Task requirements — Starting at the first line of the material below and stopping after the line that includes "floral puff-sleeve dress", write the lines out again exactly. Drop any pictures.

Source information —
──────

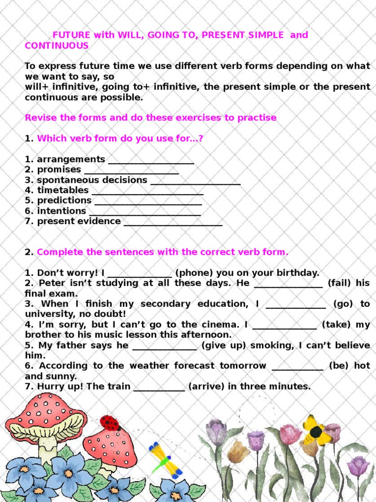 Future Will Be Going To Present Continuous And Present Simple With
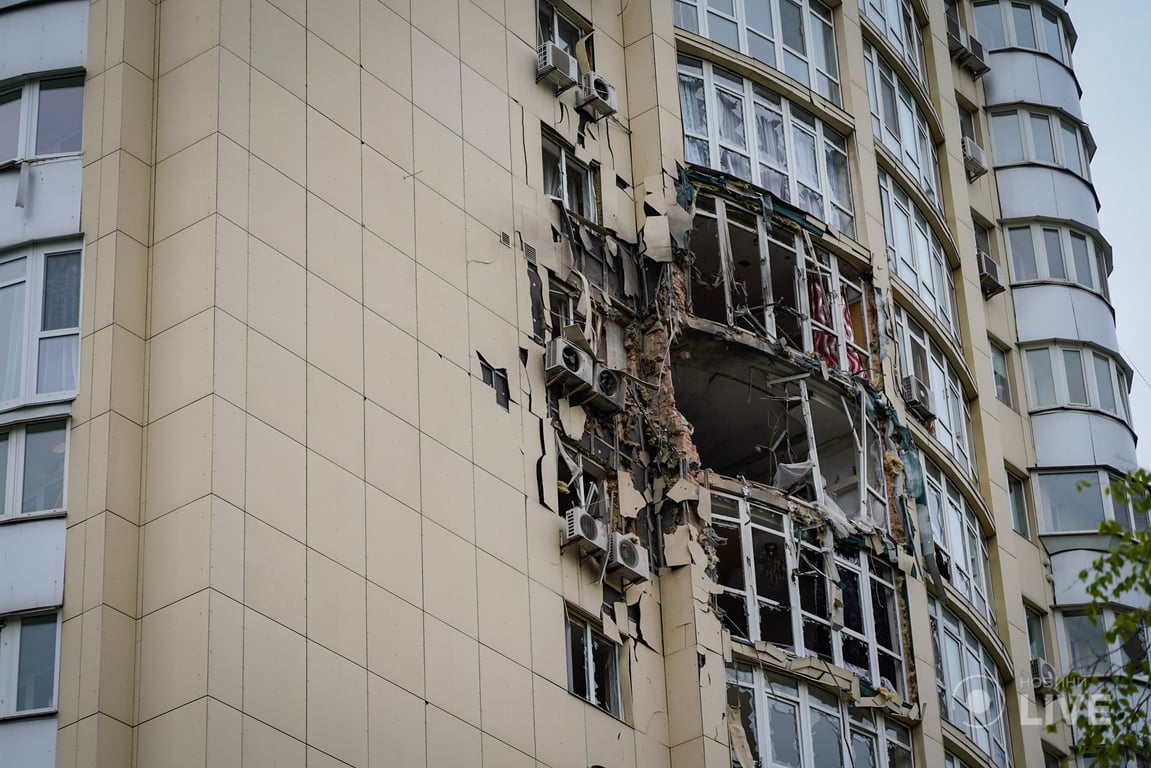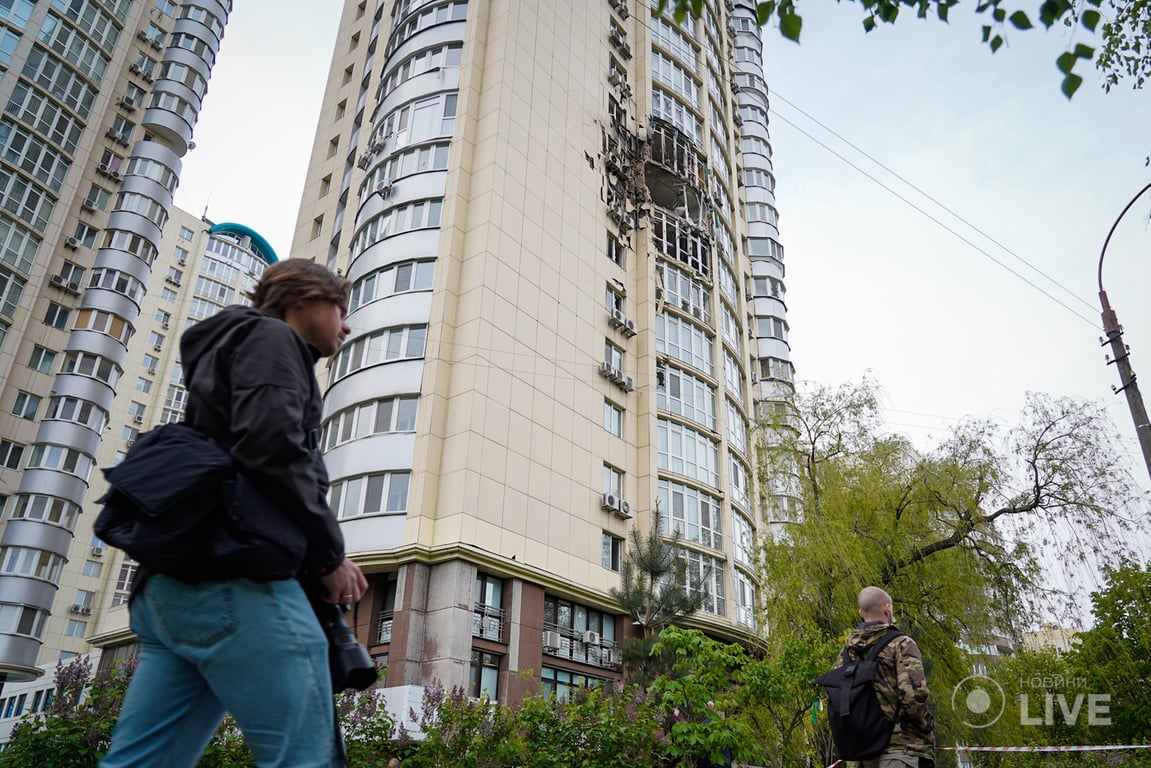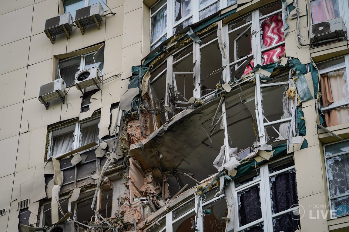 Наслідки влучання уламків ворожих БпЛА в будинок в Києві. Фоторепортаж
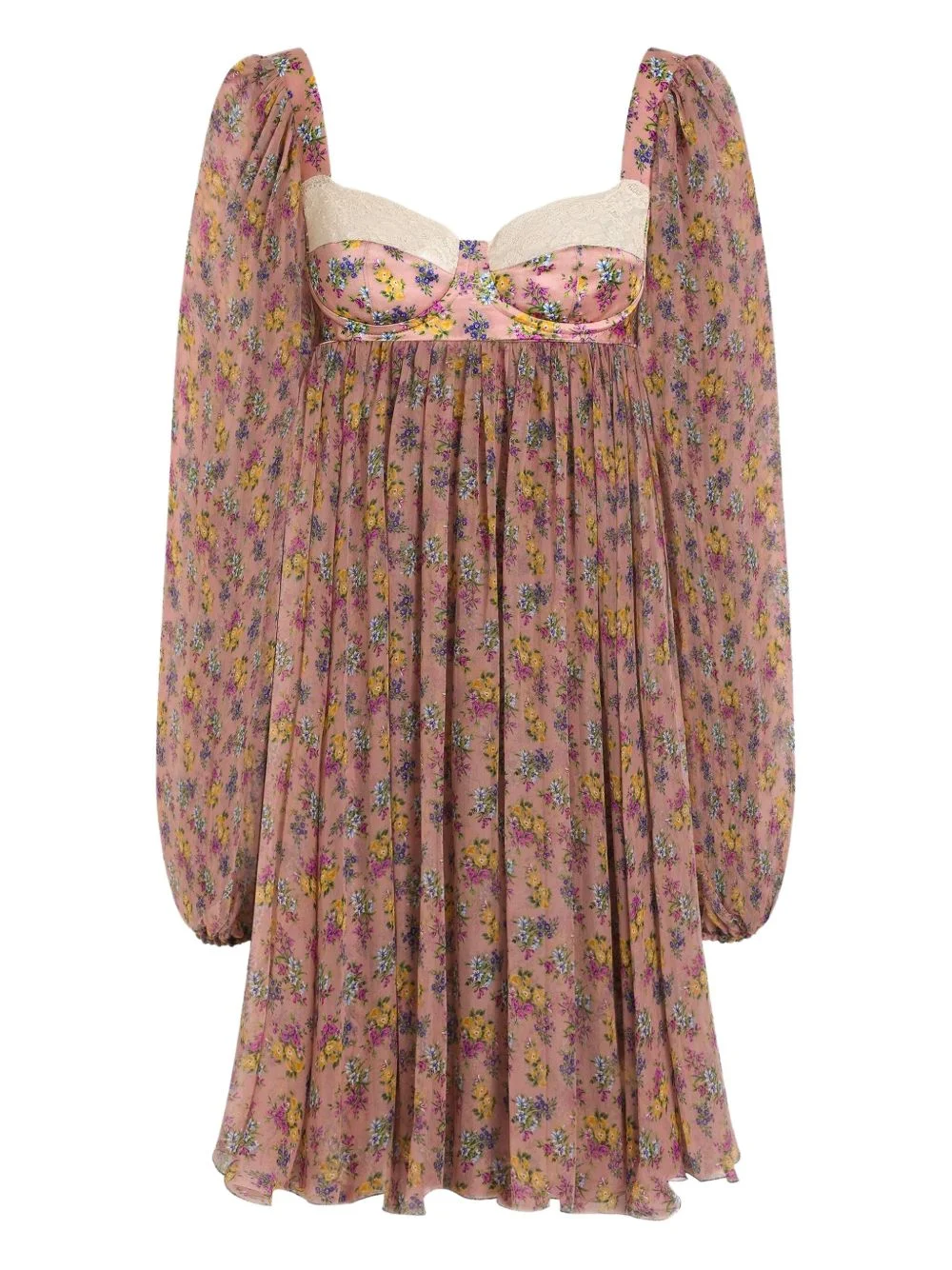 floral puff-sleeve dress Highlights - Pink - Floral print - Square neck - Puff sleeves - Gathered detail - Lace trim Made in Italy Composition Silk 90%, Cotton 9%, Polyamide 1% Washing instructions Read Manufacturer Guidelines
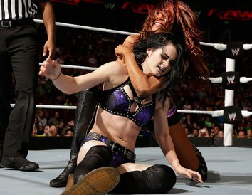 RVD和塞萨罗这场比赛今晚当中的胜者将会和韦德巴雷特争夺洲际冠军的第一竞争者,这关乎到最后冠军的争夺,相信两边都会使出全力对待。 比赛开始两边都秀技术,两人互相走位,但就是没有攻击成功。塞萨罗首先扛起RVD一个膝盖顶向他的背部。塞萨罗回来吃了RVD一脚,但是回来一个后仰摔给回RVD。塞萨罗躲开了RVD的飞冲,接着把他狠狠地踹向边角。回来塞萨罗抱起RVD一个背折摔。塞萨罗继续消耗RVD,从后锁住他的颈部。RVD使劲全力成功挣脱,接着RVD站上边角一个飞踢给了塞萨罗。RVD再次站上边角,但这次塞萨罗立刻冲上去一个Uppercut给了他。回来RVD成功一个飞扑砸向塞萨罗。两人接着互相厮打,塞萨罗使出一记Tiger Powerbomb!(两人配合不当,差点RVD就脖子就出问题了)。然后塞萨罗成功抱起RVD的双腿,这时斯瓦格出来了。塞萨罗迎战,RVD场外飞扑反被塞萨罗又一记Uppercut!趁着裁判不注意,斯瓦格把塞萨罗给撞在铁柱子上。裁判数秒10下,塞萨罗没能回到擂台上,比赛结束。 Winner:Rob Van Dam 后台,RVD接受采访。保罗海曼和塞萨罗直接过来打断采访,他们认为今晚的失利归结于斯瓦格和泽布的干扰,RVD赢得不光彩。而RVD认为很正常,并奉劝塞萨罗为了前途,请远离保罗海曼。 [b]无头衔赛 Aksanavs. Paige[/b]
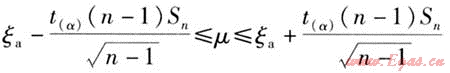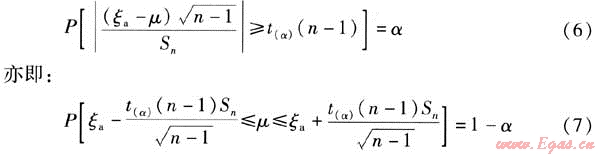 根據(jù)數(shù)理統(tǒng)計定理,取自正態(tài)總體的子樣ζ,其子樣均值ζa、子樣方差Sn2、總體均值μ、總體標準差Sn構(gòu)成統(tǒng)計量A,A是自由度為n-1的t變量,它服從t(n-1)分布。
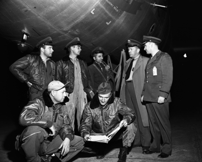 First B-36 crew to land at Carswell Air Force Base on the return trip from Morocco is shown here. Squatting, left to right, are Lieutenant James Spearman and Captain Clement Maloney, plane commander. Standing, left to right, Captain Walter G. Demond, Captain H. R. Holley, Captain P. Komlenich, M. J. Burns of Dallas, U. S. Customs inspector, and Colonel Louis W. Rohr, deputy commander of the 11th Bomb Wing.
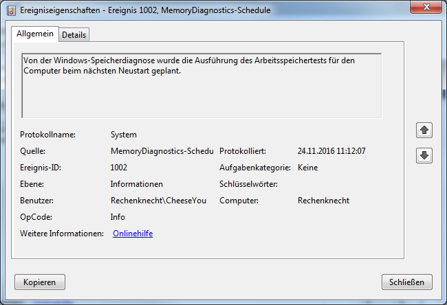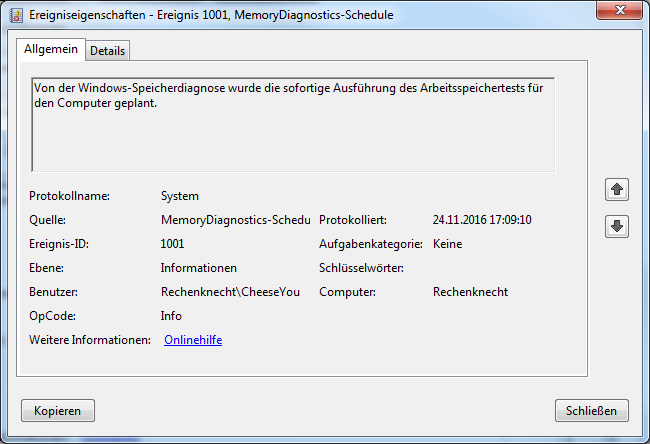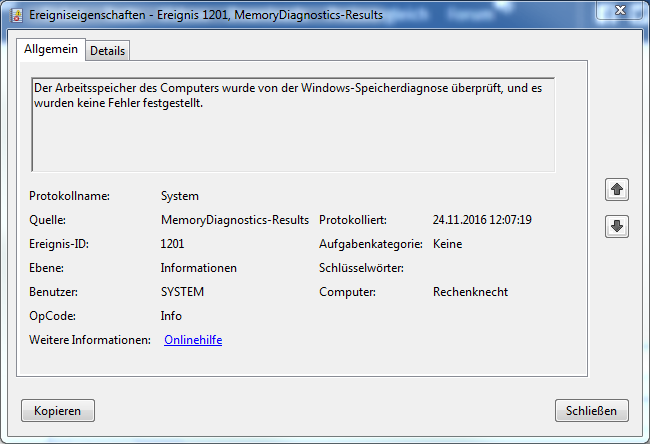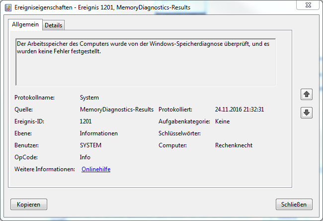Für den Arbeitsspeicher habe ich die "Windows"eigene Speicherdiagnose benutzt. Dabei wurden weder beim Standard-Test noch beim erweiterten Test mit aktivem Cache irgendwelche Fehler festgestellt.
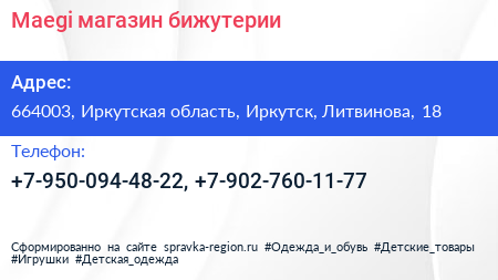 Maegi, магазин бижутерии по адресу 664003, Иркутская область, Иркутск, Литвинова, 18 в дальнейшем Организация, размещена в следующих категориях:
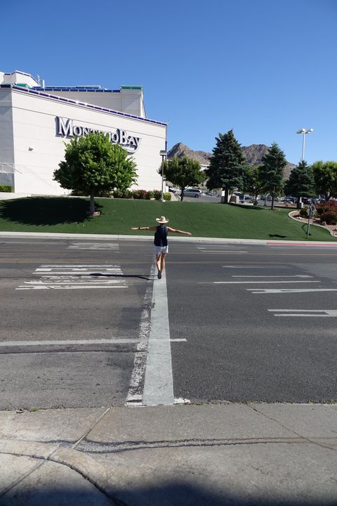 Unser Hotel von dieser Nacht stand fast auf der Grenze zu Nevada. Wir haben uns gestern schon gewundert, warum die eine Hälfte des Ortes ziemlich trostlos wirkt und die andere mit riesigem Hotel, Casinos und viel Bing Bling so voller Leben. Nun ist es uns klar. Die eine Hälfte gehört zu Utah und die andere zu Nevada.
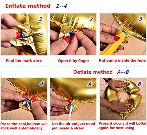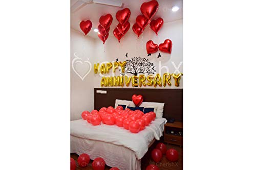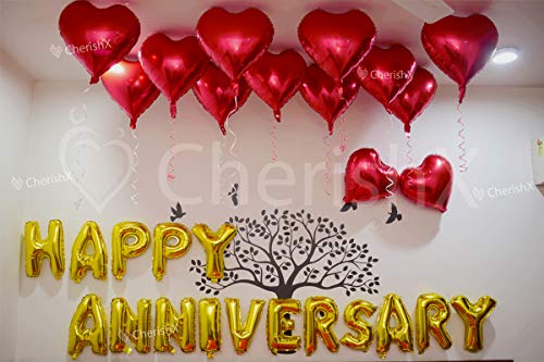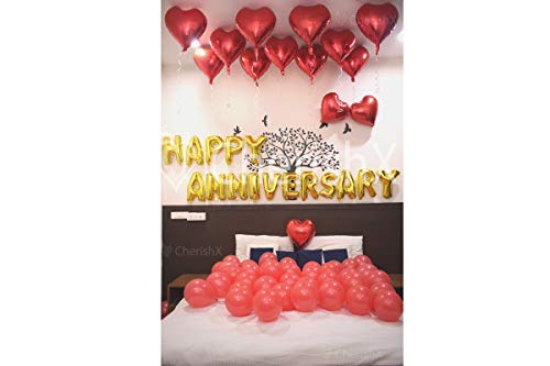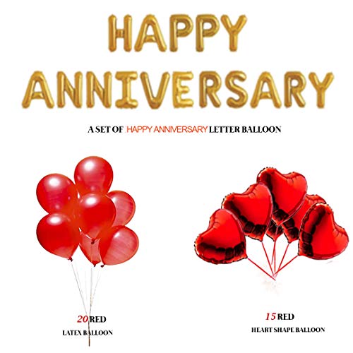 • Package includes: 8pcs 16 inches "happy anniversary" foil letter balloons (golden color) 30pcs 10 inches red latex balloons 15pcs 10 inches red hert shaped foil balloons and red ribbon roll
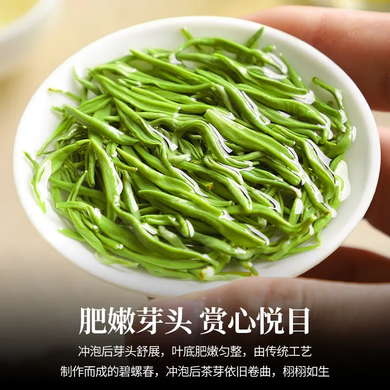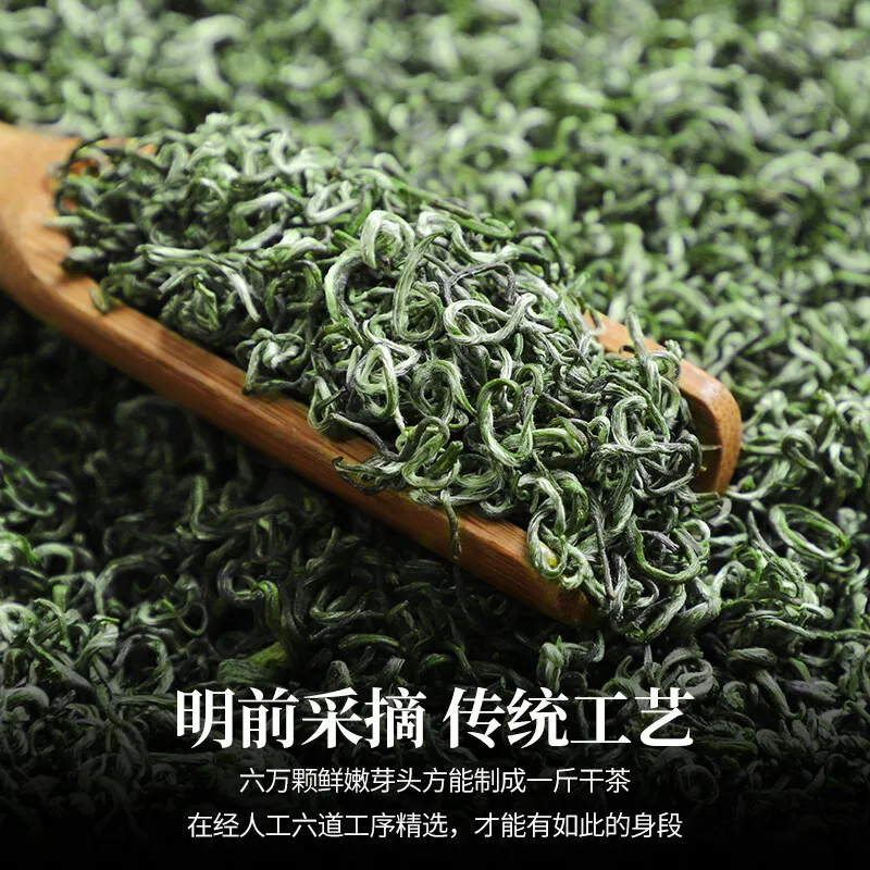2023 New Green Tea Tongting Bi Luo Chun Chinese Green Teea Biluochun Health Green FoodBiluochun is one of China`s ten famous teas and one of China`s ten famous teas. It belongs to the category of green tea and has a history of more than 1,000 years. After this tea is brewed, the white clouds in the cup are tumbling and the fragrance strikes. This is China`s famous tea. It`s interesting to taste high-grade Biluochun. When drinking, use a clean and transparent glass, first boil water and then put tea. Or brew with boiling water at 70 ~ 80 ° C. When Biluochun is put into the cup, the tea sinks to the bottom. In an instant, "white clouds roll and snowflakes fly", and the fragrance strikes people. When tea is in the cup, you can enjoy three wonders like snow spray beads, spring dyeing the bottom of the cup and Green Cr

──────

Answer for the task —
 Future Will Be Going To Present Continuous And Present Simple With
 Наслідки влучання уламків ворожих БпЛА в будинок в Києві. Фоторепортаж
 floral puff-sleeve dress Highlights - Pink - Floral print - Square neck - Puff sleeves - Gathered detail - Lace trim Made in Italy Composition Silk 90%, Cotton 9%, Polyamide 1% Washing instructions Read Manufacturer Guidelines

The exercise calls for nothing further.